JAMRUD, Pakistan — Children as young as 5 are auctioned off regularly in a warehouse here in Pakistan's lawless border regions. Most of them are impoverished Afghan refugees bound for lives of servitude or prostitution. Top Stories

The thriving trade in young humans illustrates the problems that the government of President Pervez Musharraf faces as he tries to turn Pakistan into a modern and tolerant nation.

Here in the mountainous areas along the Afghan border, foreigners travel with armed guards, Pakistani laws are unenforceable and the infamous black markets of Landi Kotal and Jamrud thrive.

With 30-foot-high walls studded with broken glass, machine guns mounted in the corners and armed guards standing behind the gate, Ejaz Arbab's warehouse in Jamrud looks much like others in the region.

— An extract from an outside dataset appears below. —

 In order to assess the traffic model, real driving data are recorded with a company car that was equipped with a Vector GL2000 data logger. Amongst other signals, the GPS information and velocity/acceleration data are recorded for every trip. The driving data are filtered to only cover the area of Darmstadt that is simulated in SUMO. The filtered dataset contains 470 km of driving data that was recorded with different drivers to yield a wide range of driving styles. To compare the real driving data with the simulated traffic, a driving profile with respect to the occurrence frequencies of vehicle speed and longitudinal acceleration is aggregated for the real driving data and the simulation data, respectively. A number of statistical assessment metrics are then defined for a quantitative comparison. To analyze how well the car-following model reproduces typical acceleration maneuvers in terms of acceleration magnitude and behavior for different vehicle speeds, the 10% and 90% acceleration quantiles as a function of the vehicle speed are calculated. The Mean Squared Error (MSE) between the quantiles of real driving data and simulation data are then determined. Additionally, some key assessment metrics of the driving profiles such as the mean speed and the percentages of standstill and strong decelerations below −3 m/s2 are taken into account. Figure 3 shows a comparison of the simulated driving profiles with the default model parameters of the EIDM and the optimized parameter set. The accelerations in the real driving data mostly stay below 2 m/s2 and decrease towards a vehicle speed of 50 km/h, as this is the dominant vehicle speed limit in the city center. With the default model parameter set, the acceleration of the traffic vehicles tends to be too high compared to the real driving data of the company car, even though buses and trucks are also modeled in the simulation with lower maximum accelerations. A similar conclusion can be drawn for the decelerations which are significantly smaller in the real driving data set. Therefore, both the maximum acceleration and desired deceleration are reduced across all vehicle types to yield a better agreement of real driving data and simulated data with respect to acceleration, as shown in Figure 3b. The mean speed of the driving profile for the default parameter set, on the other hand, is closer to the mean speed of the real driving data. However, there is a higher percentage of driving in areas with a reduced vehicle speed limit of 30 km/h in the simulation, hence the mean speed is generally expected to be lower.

One of the wealthier men in Jamrud, Mr. Arbab has been making a fortune over the past 20 years selling children — most of them the sons and daughters of penniless refugees who for years have streamed across the border to escape the warfare in Afghanistan.

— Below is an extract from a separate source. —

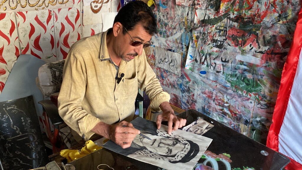 رغم تراجع الطلب عليها، إلا أن الفنان “حسين صبري” ما يزال يمارس مهنة رسم الصور الشخصية منذ 20 عاماً في محله الصغير بمدينة الناصرية، لكنه يعتمد أكثر على ترميم الصور القديمة.

Girls are auctioned off in a large rectangular room about 40 feet by 30 feet where intricate Afghan carpets cover the floor and pillows serve as seats for low tables.

Buyers puff on hookahs as the girls, escorted by an elderly woman, walk to a dais in the center of the room dressed only in thin cotton smocks. Before purchase, a buyer has the right to remove the tunic and inspect the girl in front of the crowd.

Dozens of locals say Afghan girls between the ages of 5 and 17 sell for $80 to $100. The price depends on the colors of their eyes and skin; if they are virgins, the price is higher.

Mr. Arbab, an older man with a white shovel beard and a green turban, absently fingers his prayer beads as he calls out prices for the children.

"The selling of children is common among the poor in Pakistan and Afghanistan," said Syed Mehmood Asghar, a program manager specializing in child abuse for Save the Children Sweden, based in Peshawar. "It has always been in the culture; the poor do not regard it as slavery."

The most well-publicized occurrences involve sheikhs from the United Arab Emirates buying young boys for use as jockeys in the camel races in Dubai.

The girls generally are sold into prostitution or, if they are lucky, they may join harems in the Middle East.

But the very celebrity of those cases betrays their rarity and the almost lackadaisical attitude Pakistanis have to the problem.

A prominent banker in Peshawar said that in the capital of one tribal area known as the Mohmand Agency, slavers dig deep holes in the ground to serve as holding pens for the girls.

Children are fed once each day and given water with which to wash before buyers inspect them. The banker said he wanted to buy a girl for himself this year, but his wife would not let him. He said he hopes to buy one next year.

In many cases, semantics conceal the buying and selling of children.

Rather than being directly "sold," boys are sent to work in carpet factories or as camel jockeys while their families are given advances on their wages.

But this indentured servitude becomes permanent when the boys are forced to assume new debts while abroad. Most families stop receiving money and do not see their boys again.

The families, who generally sell their daughters because they cannot afford to provide dowries, do not hear about the sexual abuse either.

The children have no legal recourse, said Mr. Asghar, who noted that local politicians also profit from the trade. "Even if a girl would testify, who would listen?" he asked.

Usma, an Afghan prostitute, said she was 12 when her family sold her to a man. "We were crossing the border [into Pakistan] and had no money to eat. The man gave them $80, so my mother told me to go with Akbar.

"After Akbar found other girls at the border, he put all 17 of us in a truck and took us to Jamrud. I stood on the dais and men offered Arbab dowries for me.

"Initially I was proud to earn such a high dowry price at Jamrud, but then the man refused to marry me and instead sent me out with his friends."

Although men at the auction ostensibly are paying for the right to marry the girl, few — if any — do. Most of the girls become prostitutes; some become domestic help.

The girls never see the dowry money given to Mr. Arbab. According to dozens of buyers interviewed, the girls are disposable — and most never live to the age of 30.

When asked about how she felt, Usma started to cry.

"While I was with my first man, Khoram, the whole time I was thinking how much I wished that I was a married woman with my own husband, my own children, and my own house.

"I did not like it at all. After the first time, I came home and cried and tore my hair — I hated myself and wished that I would die."